In a serial morphological study, it was noted that against the backdrop of treatment in patients with Bekhterev's disease occurs:

  • reduction of the thickness of the synovium;
  • decrease in the number of CD55 * -synoviocytes, neutrophils, as well as CD68 - and CD 163 macrophages;
  • reduction of expression of vascular cell adhesion molecule (VCAM 1) on endothelial cells.

The number of lymphocytes (CD20) and plasma cells in treatment has not changed.

In patients with gouty arthritis, after the appointment of infliximab, a decrease in the number of macrophages, CD31 cells and blood vessels was detected. The latter is due to a decrease in the expression of vascular endothelial growth factor and other stimulant angiogenesis.

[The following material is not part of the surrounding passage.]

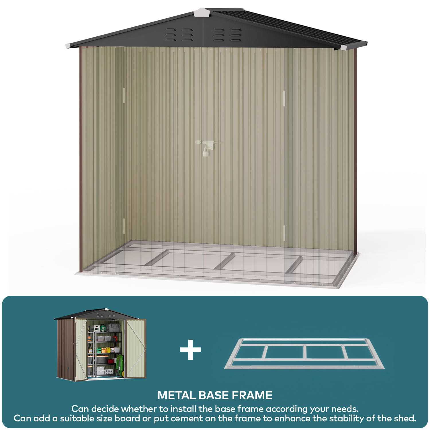 Lofka Brown Outdoor Shed for Storage on Patio, Garden, Backyard —Ideal Choice for Storing Outdoor This outdoor storage shed is perfect for those looking for a durable and secure option for storing their outdoor tools and equipment. Featuring a sturdy metal frame and double lockable doors, this shed provides excellent protection against theft and weather damage. The shed is made of galvanized metal, making it weather-resistant and durable against harsh outdoor conditions. The metal base frame adds extra stability and protection against ground moisture. Additionally, this shed offers versatility, serving not only as a storage cabinet but also as a pet house. The shed is easy to assemble, making it an excellent option for those who prefer to do things themselves. The shed features a brown color that blends well with the outdoors and adds a touch of sophistication to your outdoor space. Whether you need to store gardening tools, outdoor equipment, or pet supplies, this outdoor storage shed is a perfect choice.
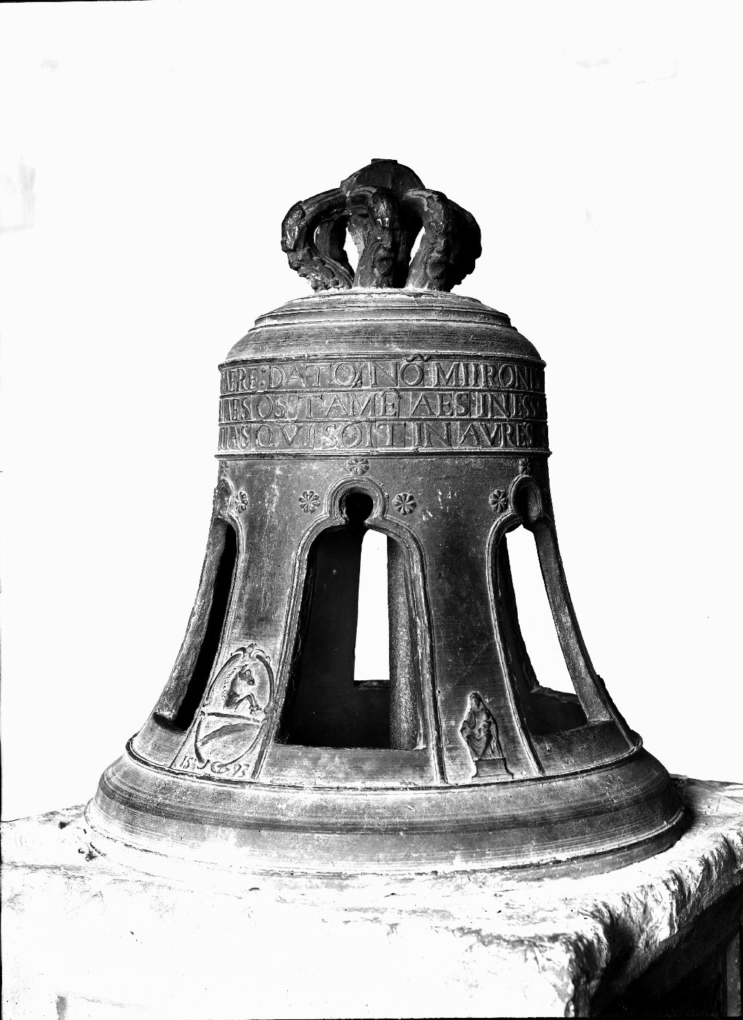 - NOTIZIE STORICO CRITICHE La lastra, pubblicata nel 1936 a corredo dell'intervento di Cottafavi sugli "Atti e memorie dell'unione professionisti ed artisti della provincia di Mantova", fotografa una campana in bronzo con sei finestrelle datata 1593 e realizzata per l'oratorio di San Lorenzino a Mantova (Clinio Cottafavi, La chiesa di San Lorenzino, "Mantus", a. IV (1936), n. 3 (maggio-giugno), pp. 2-4; la tavola che la illustra non è numerata). La scontornatura con nastro in carta gommata nera nella parte superiore dello scatto e la schermatura con vernice rossa intorno al soggetto fotografato risultano chiaramente finalizzate a tale scopo editoriale. La medesima lastra (o un positivo da essa stampato) è stata anche utilizzata nel 1950 per il catalogo del Museo di Palazzo Ducale curato da Ozzola (Leandro Ozzola, Il Museo d'Arte medievale e moderna del Palazzo Ducale di Mantova, Mantova, L'Industriale, 1950, n. 245 p. 62, fig. 274), quando la campana era collocata nella Sala delle Imprese dell'appartamento della Guastalla. Chiuso al culto nel 1810 il piccolo oratorio (da decenni chiesa evangelica), la campana, che reca lo stemma di Tullio Petrozzani, fu collocata nella chiesetta di Santa Maria del Terremoto di Piazza Canossa, dove Giuseppe Gerola (funzionario della Regia Sovrintendenza all'arte medievale e moderna per le province di Trento, Verona, Mantova) la registrò nel 1917, decretando che fosse inviata a Firenze per proteggerla dai pericoli bellici (Giuseppe Gerola, Le campane delle chiese di Mantova, Mantova, Mondovi, 1921, n. 40, p. 12). Tornata a Mantova, dopo un periodo di deposito nella Fabbriceria di Sant'Andrea, fu trasferita a Palazzo Ducale nei cui depositi si trova ancor oggi. Giannantoni nel 1929 ricorda la campana nella Sala di Mezzo del piano nobile del Castello di San Giorgio (Nino Giannantoni, Il Palazzo Ducale di Mantova, Roma, La Libreria dello Stato, 1929, pp. 124-126) e una foto dello Studio Calzolari (catalogata in Sirbec (http://www.lombardiabeniculturali.it/fotografie/schede/IMM-2s010-0001101/?view=ricerca&offset=23) qui la immortala, evidenziando meglio la base marmorea sulla quale poggia. Ad un'attenta osservazione dello scatto Calzolari, la base si rivela essere la medesima che compare nel nostro scatto, suggerendoci che la nostra lastra sia stata eseguita dopo l'allestimento museale creato nella fortezza gonzaghesca (Clinio Cottafavi, R. Palazzo Ducale. Mantova [Appartamento giuliesco di Castello], "Bollettino d'arte del Ministero della pubblica istruzione", serie II, vol. V, n. 10 (aprile), 1926, pp. 468-474)

Recommendations for the use of infliximab in rheumatoid arthritis

Indications

  • Reliable diagnosis of RA according to the criteria of the American College of Rheumatology.
  • High activity of the RA (DAS index> 5.1) (two-time confirmation is necessary within one month).
  • No effect or poor tolerance of adequate therapy with methotrexate and at least one more standard BPVP.
  • The adequacy of therapy with DMARD is determined by considering the duration of treatment for at least 6 months, and for at least two of them the drug is prescribed in a standard therapeutic dose (in the absence of side effects). In the case of the appearance of the latter and the need to abolish the BPAP, the duration is usually not less than 2 months.

Contraindications

  • Pregnancy and lactation.
  • Heavy infections (sepsis, abscesses, tuberculosis and other opportunistic infections, septic arthritis of unprocessed joints during the preceding 12 months).
  • Heart failure of III-IV functional classes (NYHA).
  • Data on demyelinating diseases of the nervous system in the anamnesis.
  • Hypersensitivity reactions to infliximab, other murine proteins, as well as to any of the inactive components of the drug.
  • Age younger than 18 years (however, in the presence of indications, infliximab can be used in children and adolescents).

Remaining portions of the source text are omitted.